Jim Adaskaveg, a plant pathologist at the University of California, Riverside, who does consulting work for the California citrus council, supports using antibiotics in agriculture. He noted that the government has long approved use of smaller amounts of streptomycin and oxytetracycline to manage a destructive bacterial disease that infects apple and pear crops.
Because the E.P.A. prohibits their application 40 days before harvest, he said there was little chance consumers would ingest the drugs. “We’ve been safely using them for decades,” he said.
Taw Richardson, the chief executive of ArgoSource, which makes the antibiotics used by farmers, said the company has yet to see any resistance in the 14 years since it began selling bactericides. “We don’t take antibiotic resistance lightly,” he said. “The key is to target the things that contribute to resistance and not get distracted by things that don’t.”
Many scientists disagree with such assessments, noting the mounting resistance to both drugs in humans. They also cite studies suggesting that low concentrations of antibiotics that slowly seep into the environment over an extended period of time can significantly accelerate resistance.
Scientists at the C.D.C. were especially concerned about streptomycin, which can remain in the soil for weeks and is allowed to be sprayed several times a season. As part of its consultation with the F.D.A., the C.D.C. conducted experiments with the two drugs and found widespread resistance to them.
Although the Trump administration has been pressing the E.P.A. to loosen regulations, Nathan Donley, a senior scientist at the Center for Biological Diversity, said the agency’s pesticides office had a long track record of favoring the interests of chemical and pesticide companies. “What’s in the industry’s best interest will win out over public safety nine times out of 10,” he said.

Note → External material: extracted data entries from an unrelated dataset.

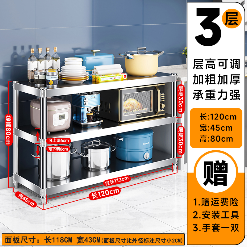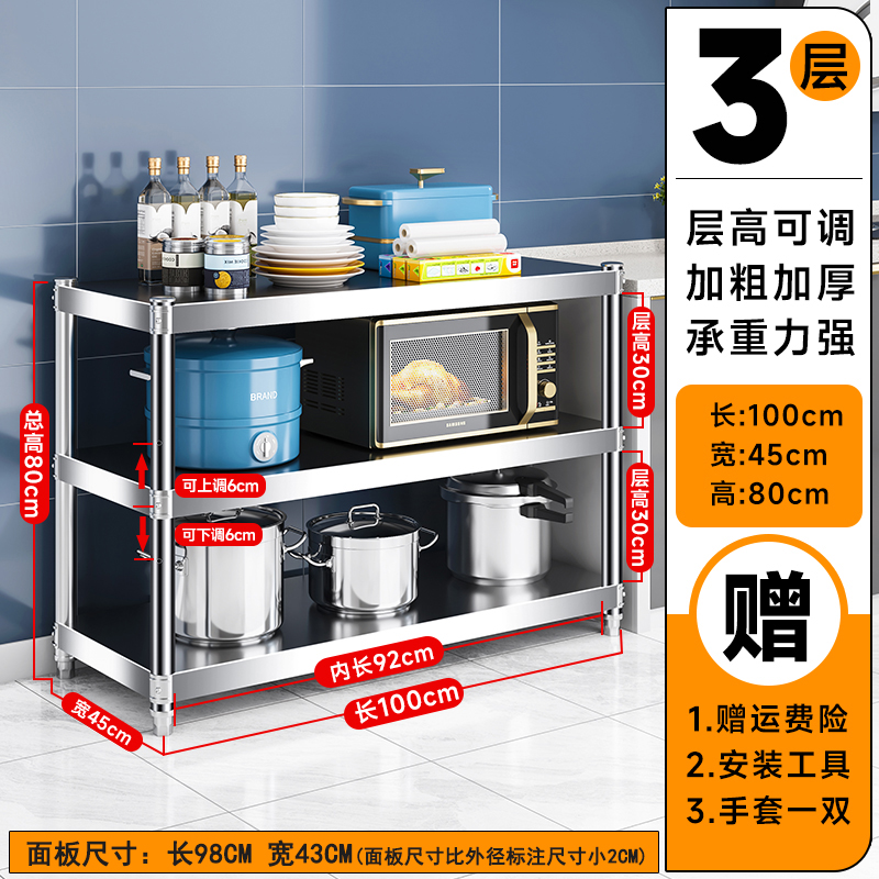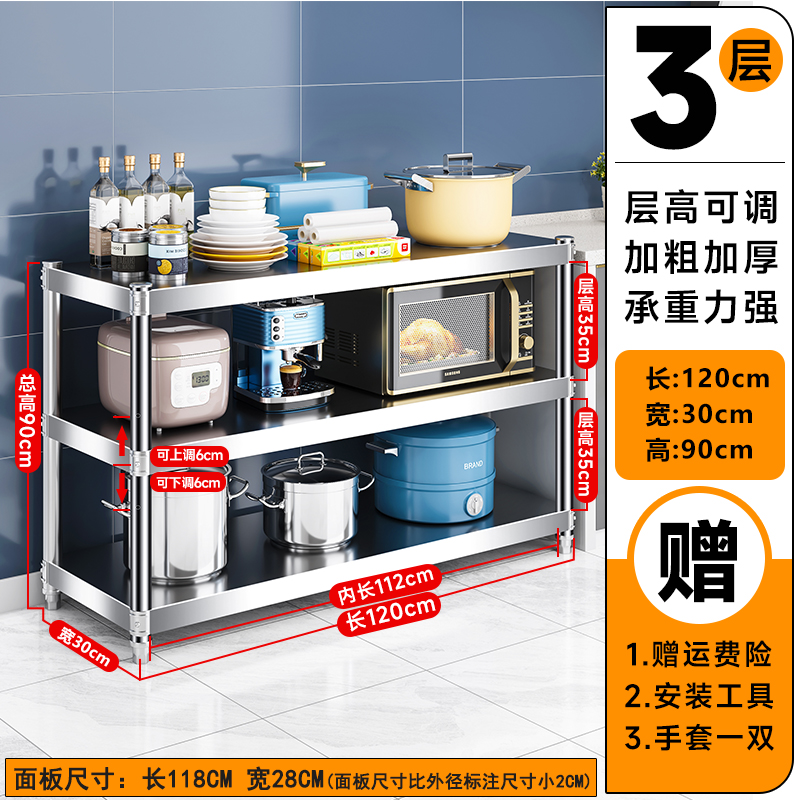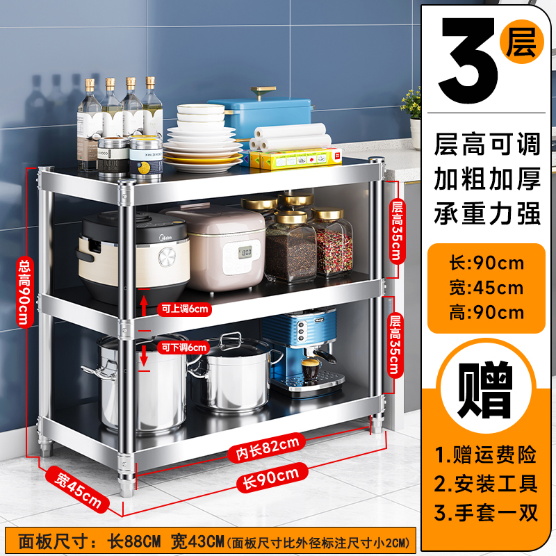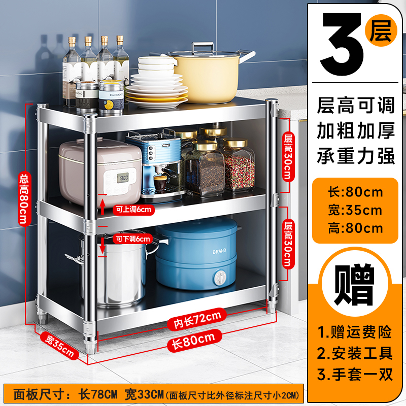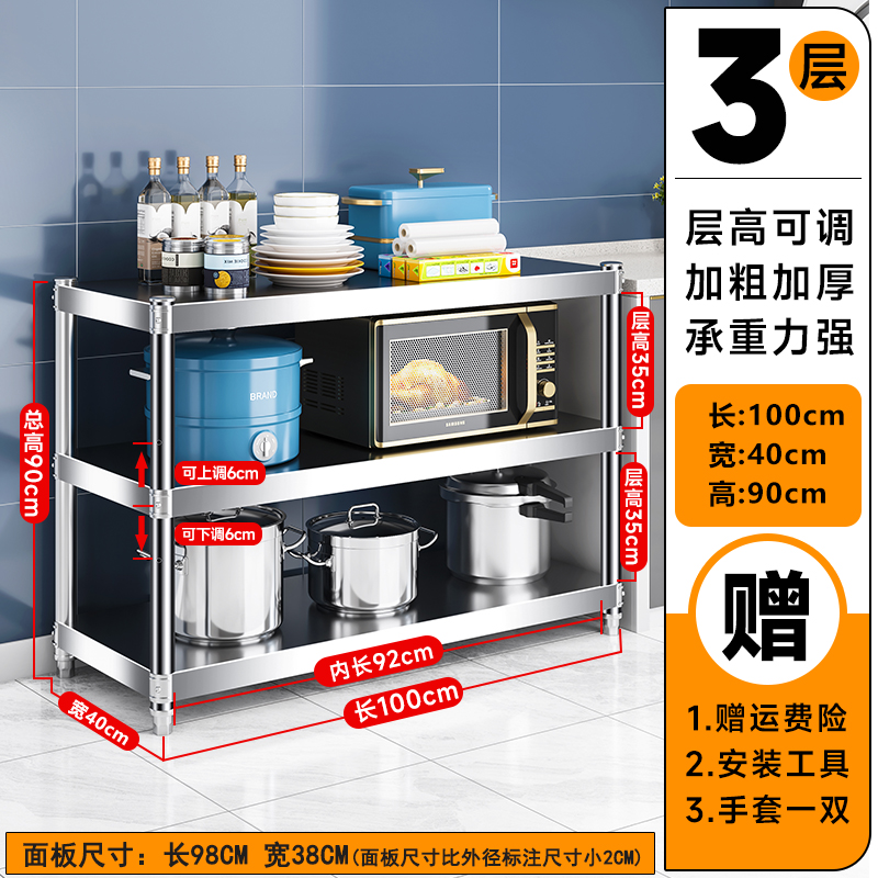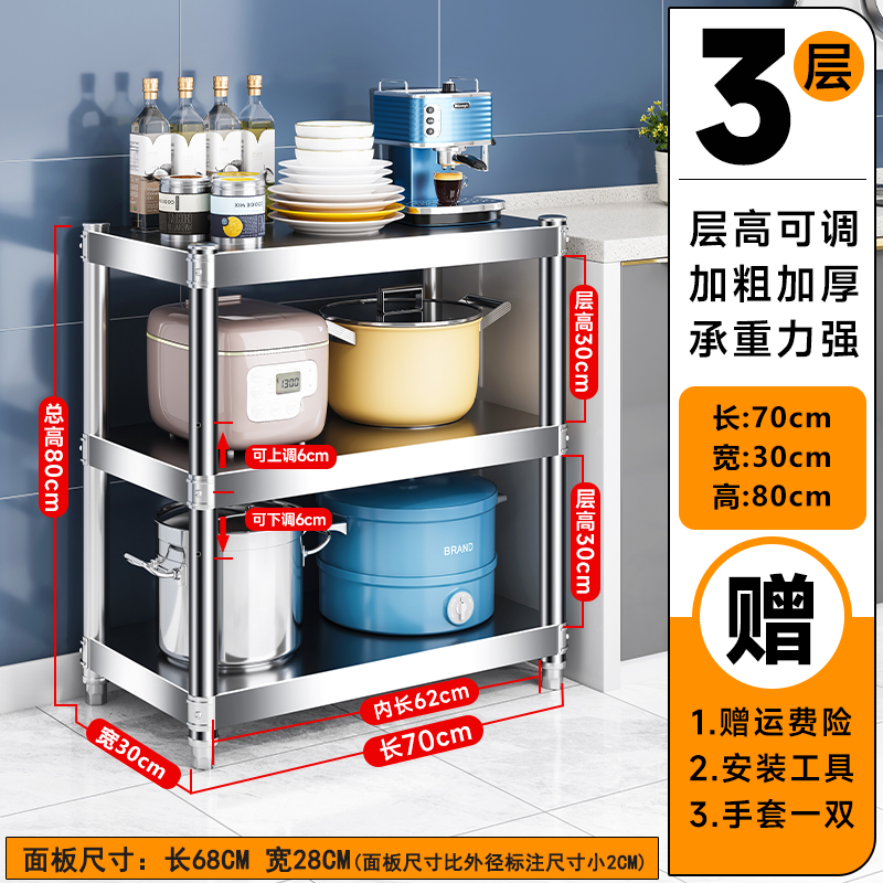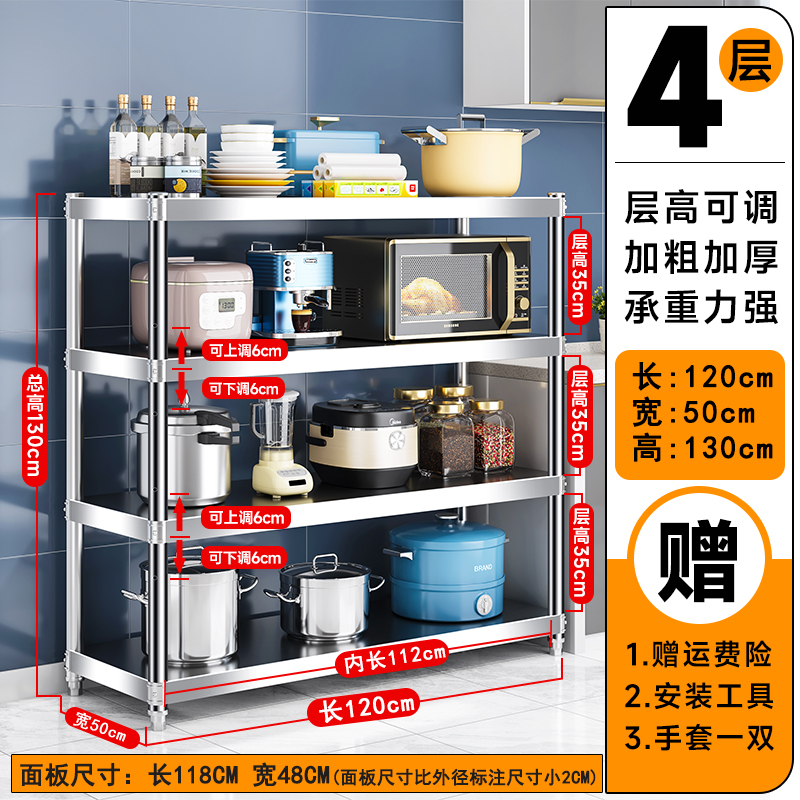 주방 랙 캐비닛 스테인레스 스틸 선반 캐비닛 다기능 스토리지 가정용 스토브 랙 바닥 스탠딩 전자 레인지 랙스토어 가기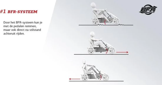 De BERG Rally is uitgerust met het unieke gepatenteerde BFR-systeem. BFR staat voor Break, Freewheel en Reverse. Door het BFR-systeem kun je met de pedalen remmen, maar ook direct na stilstand achteruit rijden. Dit maakt de BERG Rally super eenvoudig en gemakkelijk te berijden.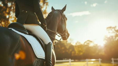 In the warm glow of a setting sun, a skilled rider and their powerful horse soar gracefully over an obstacle. This moment captures the peak of concentration, trust, and athletic partnership, symbolizing dedication and the pursuit of excellence in equestrian sports.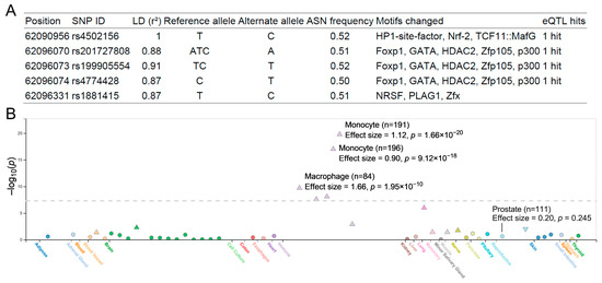 HaploReg analysis of rs4502156 annotated the variant and its linkage disequilibrium proxies as eQTLs that could potentially disrupt several transcription factor-binding motifs (Figure 2A). The FIVEx database analysis corroborated this finding, indicating that the protective C allele was strongly associated with increased C2CD4A expression in multiple immune cell types, particularly monocytes and macrophages (p < 5 × 10−8; Figure 2B). However, this association was not statistically significant in prostate tissue (p = 0.245).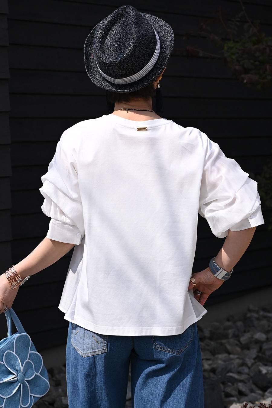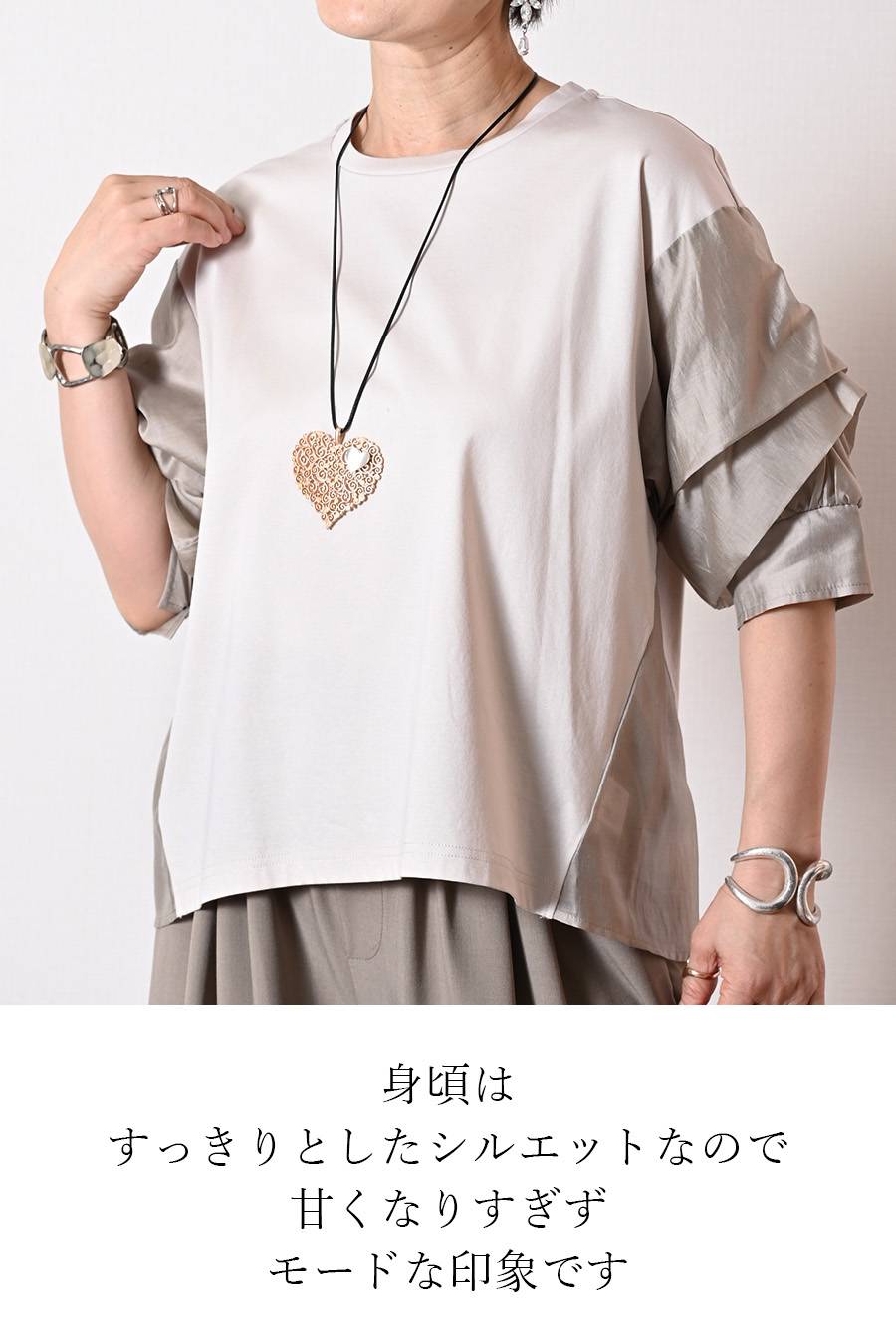 華やかさと立体感!袖ボリューム・異素材切替カットソー

A spokesman for the E.P.A. said the agency had sought to address the C.D.C.’s and F.D.A.’s concerns about antibiotic resistance by ordering additional monitoring and by limiting its approvals to seven years.
Still, it remains unclear whether the drugs even work on crops. Graciela Lorca, a molecular biologist at the University of Florida and an expert on citrus greening, said she is not convinced. In the absence of peer-reviewed studies, she and other researchers have largely relied on anecdotal evidence from growers who have reported some improvement after applying the drugs.
“Right now it’s a desperate measure for sure,” she said.
One recent afternoon, Kenny Sanders drove through his groves of Valencia and Hamin oranges and pointed out ailing trees adorned with the strips of pink tape that mark them for destruction.
“That’s the kiss of death,” Mr. Sanders, a former rodeo performer and cattle rustler, said in a jaunty twang. “Used to be if you had 40 acres, you’d drive a Cadillac and send your kids to college. Not anymore.”
He said he tried using antibiotics for one season, but gave up after seeing little improvement. Cost, he added, was the main reason he didn’t continue spraying.
In the meantime, he and many other growers have embraced a range of remedies: tearing out trees at the first sign of disease and planting new stock bred to better withstand the bacteria. He also regularly feeds his trees a precision blend of micronutrients, a coddling he says helps them withstand the disease.
Roy Petteway does all of the above, too, but he believes that the spraying is worth the expense. Soft-spoken and contemplative, he considers himself a environmentalist and though he worries about antibiotic resistance, he puts his faith in the E.P.A. and its determination that the risks of spraying are minimal. He sees it as a stopgap measure that can help his trees survive until researchers develop disease-resistant stock or more effective treatments.
As a fourth-generation grower, Mr. Petteway has more pressing concerns than the relatively abstract threat of antibiotic resistance.
“These trees are our livelihood and our future,” he said. “And I’ve got to make sure all of this is here for my children and grandchildren.”